Zebra Crayfish (Cherax peknyi), BREDBY: Aquatic Arts
Due to state restrictions on invasive species, we are not able to ship or sell any color morph of the Cherax sp. crayfish to the following state(s): Florida
This species is prohibited to own in the above state(s), meaning it is illegal to possess them live in these state(s). This includes possession for consumption, education, aquarium trade, or any other live trade. If you attempt to add this item to your cart to a state listed above you will receive an error message at checkout that will prevent the order from being placed.
* For the safety of our animals, we now ship Cherax crayfish exclusively via UPS Next Day Air. If your order contains this item, you will only see UPS Next Day Air as a shipping option during checkout *
This variant is one of the most spectacular and striking crayfish in the world! We are proud to offer specimens bred in house at Aquatic Arts!
The Zebra Crayfish (Cherax peknyi) is a fairly recently discovered and uncommon species of crayfish native to Papua New Guinea. This crayfish is also commonly known as the Asian Tiger Freshwater Lobster, though true lobsters do not exist in freshwater. It is one of the largest freshwater crayfish available and features stunning pastel colors. Orange, blue, white, and purple are all distinctly shown on this crayfish. The Zebra Crayfish breeds easily in the aquarium, although the fry are extremely slow growing. In fact, many of our specimens have bred in our tanks at our facility!
This particular crayfish is relatively active and spends plenty of time exploring the floor of the aquarium in search of food. The Zebra Crayfish is an omnivorous scavenger and will eat most any meaty or plant-based foods. This crayfish should not be kept with ornamental live plants, as it will eat them at a surprising rate. It is a skilled climber, so extra care must be taken to ensure that it does not escape its enclosure.
As it reaches adulthood, the Zebra Crayfish will become relatively territorial, so it may behave aggressively towards other animals in the tank. It is important that ample hiding places such as rockwork, driftwood, or PVC pipes be provided. This is even more crucial when housing multiple crayfish in the same tank. Due to the size and waste production of this crayfish, a minimum 30-gallon, well-filtered aquarium is necessary for one adult. A larger aquarium of 55 gallon or larger aquarium can house multiple adults of similar size. This is a reasonably hardy animal, but regular water changes are vital to its optimal health. Other bottom-dwelling invertebrates and fish should not be kept with large crayfish. It is possible to keep mid- and upper-level, fast-swimming fish with the Zebra Crayfish, but crayfish are opportunistic feeders and will generally eat whatever they can catch.

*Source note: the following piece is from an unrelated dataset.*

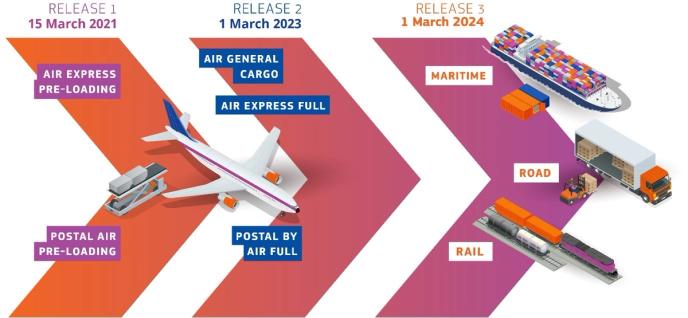 - Release 1: Postal operators and express carriers shipping cargo by air from third countries into or via the EU, Norway or Switzerland

What We Like About This Crayfish:
- Consistently excellent orange, blue, white, black, and brown coloration
- Less aggressive than many other crayfish
- Easy to feed
- Excellent scavenger
RECOMMENDED TANK PARAMETERS:
- Temperature: 68° - 80° F (20° - 26.7° C)
- pH: 6.5 - 7.5
- KH: 6 - 15 dKH
- Minimum tank size: 30 gallons
- Diet: Crayfish are typically very easy to feed since they are mostly omnivorous scavengers. However, Cherax species can sometimes be a bit finicky. In addition to various plant matter, we have been feeding all of our Cherax crayfish frozen peas and carrots as well as frozen shrimp that is chopped into manageable pieces after thawing. We highly recommend that our customers at least initially offer this diet to their Cherax crayfish. In time, it is very likely that the crayfish will also accept high-quality dry foods, though a varied diet is required for optimal health, coloration, and activity.
- Social behavior: Can be aggressive/territorial with other crayfish, but is much less so than Procambarus species (such as the Electric Blue Crayfish).
- Origin: Papua New Guinea
- Average adult size: 5 - 6 inches (12.7 - 15.2 cm)
- Average purchase size: 3 - 4 inches (7.6 - 10 cm) or larger
- Recommended Aquatic Arts tankmates: Fast-moving fish (such as Celestial Pearl Danios, Rasboras, Guppies, etc.). While dwarf shrimp can be kept successfully with these crayfish, caution should be exercised, as the crayfish have been known to catch and eat slow, sick, or particularly small shrimp. Cichlids can be aggressive toward crayfish and should not be kept in the same tank. Bottom-dwelling tankmates should definitely be avoided.